睡到后半夜,再也睡不着了,睁着眼睛一直到天亮。
天边余晖出现的那一刻,江郁辞眨了一下眼睛,布满血丝的眼球中满是疲倦。
“倒数第三天,秦溯月。”
护士和医生一起走了进来,看到江郁辞的时候微微愣了一下,医生说:“小伙子,我看你有些眼熟,咱们是不是在什么地方见过?”
江郁辞抬眸,心中咯噔一声。
这医生就是之前和陆清河串通起来的那个!
江郁辞勉强抬了抬唇:“我前两天来过医院一趟,医生,我的身体,怎么回事?”
那医生面上划过一丝明显的疑惑,但是他每天接触到的病人成百上千,没有印象也再正常不过。
拿过护士手上的病情单子 ,对江郁辞说:“你现在被确诊为阑尾炎,还是急性的那一种,必须要做手术切掉阑尾,正好我们医院今天有手术室,可以给你做了,你看看要不要做?要做的话,就要家属过来签字。

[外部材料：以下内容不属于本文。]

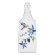 A pretty little hummingbird comes to check out the delicate blue Columbine blossoms on this decorative and useful cutting board. The watercolor images are placed on a white background, with the text "Colorado" in matching blue script. If you prefer to change or remove the text, you may do so easily. Be sure to see the matching home products in our store.

”
江郁辞抿唇,眼神黯淡下来。
家属?他在京市称得上是家属的人,只有秦溯月一个,可是她会过来吗?
江郁辞抱着试一试的心态,拨通了秦溯月的秘书,小陈的电话。
电话过了片刻便被接通,只是小陈的声音似乎很紧张。
一听就不对劲。
江郁辞声音沙哑,问道:“陈秘书 ,秦总在吗?”
“不好意思啊,江哥,秦总现在......她不在。”
江郁辞唇角扯出一丝冷笑:“好,我知道了,别跟她说我来电了。”
说完,挂断电话,对医生说:“这手术同意书,我能自己签署吗?”
“啊?”
医生上下扫视一眼,见江郁辞面上写满郁结,勉强点了点头:“可以是可以,不过谁来照顾你呢?”
江郁辞一阵苦笑 ,是啊,谁来照顾他呢?
翻看着手机通讯录,竟然没有一个可以叫过来的人,那些兄弟们,他也不想因为自己的事情,打扰到他们的生活。

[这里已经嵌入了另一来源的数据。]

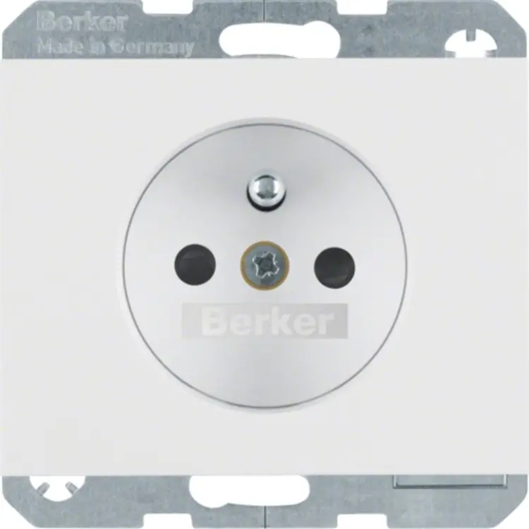 Hager Berker stopcontact met penaarde (België) en verhoogde aanraakbeveiliging (kindveilig). Voorzien van klauwbevestiging (spreidklemmen). Aansluiting bedrading: steekklemmen. Exclusief afdekraam. Serie: K1, kleur: wit glans.

江郁辞道:“先做手术吧,至于其他的,到时候看情况。”
可以找护工,只是他们始终是拿钱办事,不会那么用心就是了。
医生古怪地看了江郁辞一眼,勉强答应下来,江郁辞签好字,立刻进了手术室,在进去之前,床头柜上的手机震动。
他拿起手机一看,是苏羽墨发来的一条信息。
安全落地海市,记得开心一些哦。
下面还配了一个开心的笑脸表情。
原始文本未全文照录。